News Coverage

12 October 2012

CATHOLIC NEWS SERVICE: Concern for protecting nature spurs Catholic youths to visit Washington

Category: News Coverage

As 19-year-old Annalisa Martinez put it, "It's our job to be leaders." She made the comment after she and a group of her peers from a Catholic parish in Denver met with Colorado's U.S. senators on Capitol Hill for an environmental cause: urging federal protection for Browns Canyon in Colorado. Ranging in age from 12 to 19, the Latino youths from Denver's St. Cajetan Parish and an organization called Environmental Learning for Kids were brought together by the Washington-based Hispanic Access Foundation.

Maite Arce, executive director of the foundation, founded the nonprofit after growing up as the child of Mexican immigrants who had trouble accessing information and resources in their new country. The foundation has partnerships with mostly faith-based community groups, such as St. Cajetan, to organize events and programs that inform Hispanics about education, voting, the environment and other issues, as well as to promote responsible citizenship and community involvement. St. Cajetan is one of the oldest Hispanic Catholic parishes in the Denver Archdiocese. Over a three-day visit in Washington in mid-September, the youths' schedule included a meeting with Sens. Mark Udall and Michael Bennet, both Colorado Democrats, to express their concern for Browns Canyon and to promote scholarships for Hispanic students. The canyon, southwest of the Denver metro area, is a popular place for hiking, camping, viewing wildlife, fishing and white-water rafting. Udall has proposed that Congress designate it as national monument or wildlife preserve. It's a place the youths and many others have grown to love, they said. Last year, the Hispanic Access Foundation and Environmental Learning for Kids sponsored a fishing education day there; 250 families participated in the trip, the first of its kind for many in the group.

This past summer, 68 youths and their parents went on a camping trip to the canyon. Udall has said giving a special designation to Browns Canyon would bring jobs to the state and put the area "on the map" and attract visitors. It also needs protection, advocates say, because illegal roads in the area have led "to erosion and habitat destruction." Linda Sosa, a spokeswoman for St. Cajetan, said considers herself a second mother to the seven 12- to 19-year-old girls she brought to Washington. Hispanic immigrants to the United States "don't know the systems. I don't want that for these kids," she said, adding that the Catholic Church has a role in educating Hispanics about how government works.

"The church is more than prayer, we can be the voices outside the church." Sosa has taught catechism classes for 30 years at St.

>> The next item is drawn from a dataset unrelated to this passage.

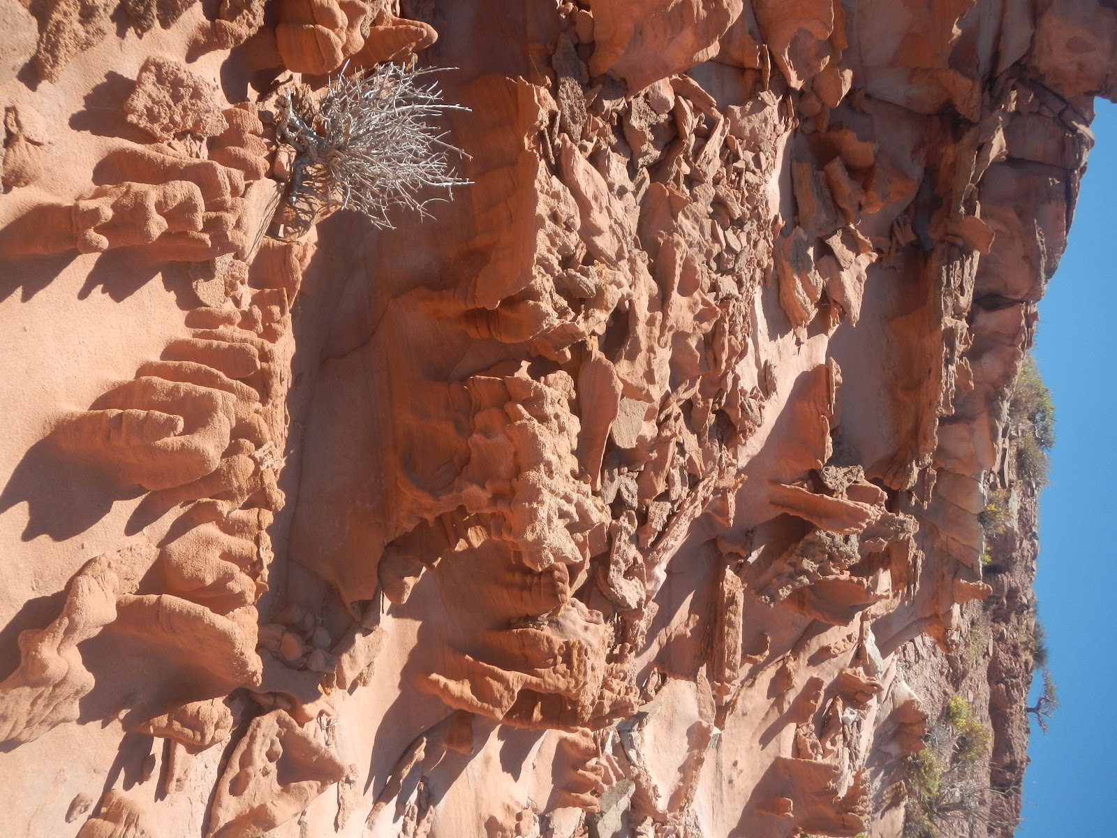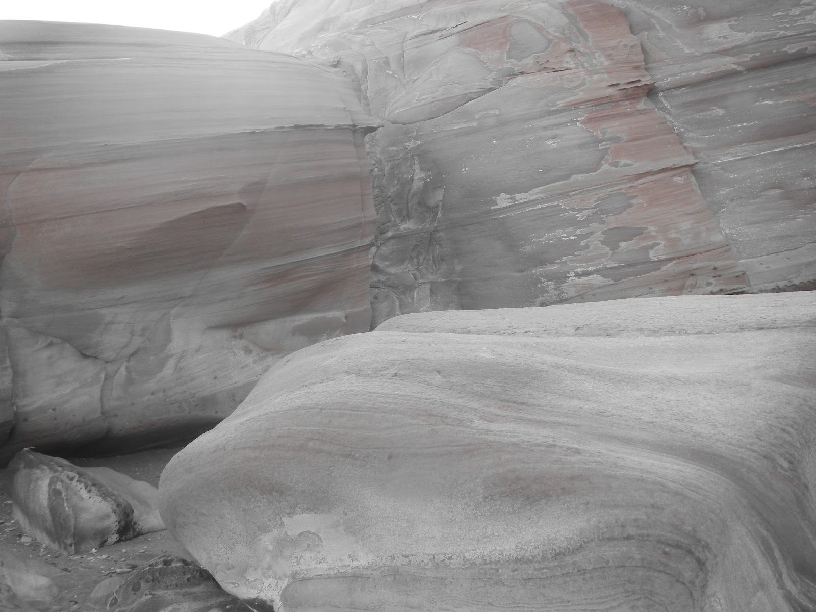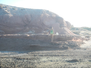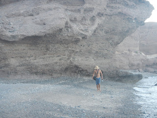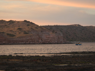 3/18 Slept like a rock. New boat on anchor this morning “strider”. Dozen dolphins feeding along the steep shoreline. Dead calm glass. 9:00 Claire pulled up the anchor again! 10:00 sailing towards Bahia el Gato (puerto gato) light SSE wind. Gliding at 4 kts! Calm out. Got up to 5 kts wing and wing for a while. “strider” passed us. 12:00 wind died. Depth sounder showing 2200 ft of water! 13:00 saw a blue whale! Its back came up breaking the surface exposing its full tail and fin. 14:00 light wind motor sailing with the jib about 6 miles til Gato. 15:00 anchor down in the Toro side. One other boat. Immediately rowed to shore! Smooth red bluffs, very intriguing. We walked out to Punta Botella along cobblestone beaches. The cliffs were filled with every kind of precious stone. layers deep of sediment and stones that go on for centuries. Anchovies in the tide pools. This bay is not very protected from the swell but it’s calm out so we’re chancing it. Planning on staying here tomorrow too.

Cajetan, which was established in 1922. Her involvement has given her a connection to parish youths. All but two of the St. Cajetan girls were on their first trip to Washington. Speaking a mix of English and Spanish throughout the day, several of them mentioned to a Catholic News Service reporter they were "missing the mountains."

Money for their trip came from a combination of fundraisers, parish donations and matching funds from the Hispanic Access Foundation. The summer camping trip to Browns Canyon gave them a chance to see wildlife and to go white-water rafting on the Arkansas River -- and it sparked the youths' interest in protecting the canyon. They began asking Sosa what they could do, which led to her teaming up with the foundation and coordinating the trip and a chance to talk to Udall and Bennet. Arce told CNS that the group's interest in the outdoors and the environment is reflected in a 2012 survey on Latinos and the environment, conducted by the Sierra Club and the National Council of La Raza. Nine in 10 respondents said people "have moral responsibility to take care of God's creation on this earth -- the wilderness, and forests, the oceans, lakes and rivers." During a picnic lunch in Lafayette Park across from the White House, where they headed later that afternoon to talk to staffers, Annalisa Martinez told CNS that Udall and Bennet "were very involved in hearing what we had to say." The oldest in the group, she is finishing an associate's degree in early childhood education. Her niece, 12 year-old Anastasia Martinez was the youngest. She'd like to become a geologist or horse trainer.

"My mother and I grew up in those mountains," she said. "If they were destroyed it would break our hearts." Jennie Hurrieta, 17, told CNS the group had a lot of support from St. Cajetan Parish, especially from its pastor, Theatine Father Tomas Fraile. "Father Tomas was very supportive, he baptized all of us, he really wants us to succeed," she said, adding that the priest encourages them to be leaders in their community and their church. "This world isn't ours, it's God's, we are preserving it for future generations," she added.

"Linda Sosa and the students are doing a wonderful job going to D.C. and talking to senators," Father Fraile told CNS later in a telephone interview.

"If we Christians and Catholics believe in God, we have a moral responsibility to take care of God's children the same way we have the responsibility of taking care of the whole of God's creation."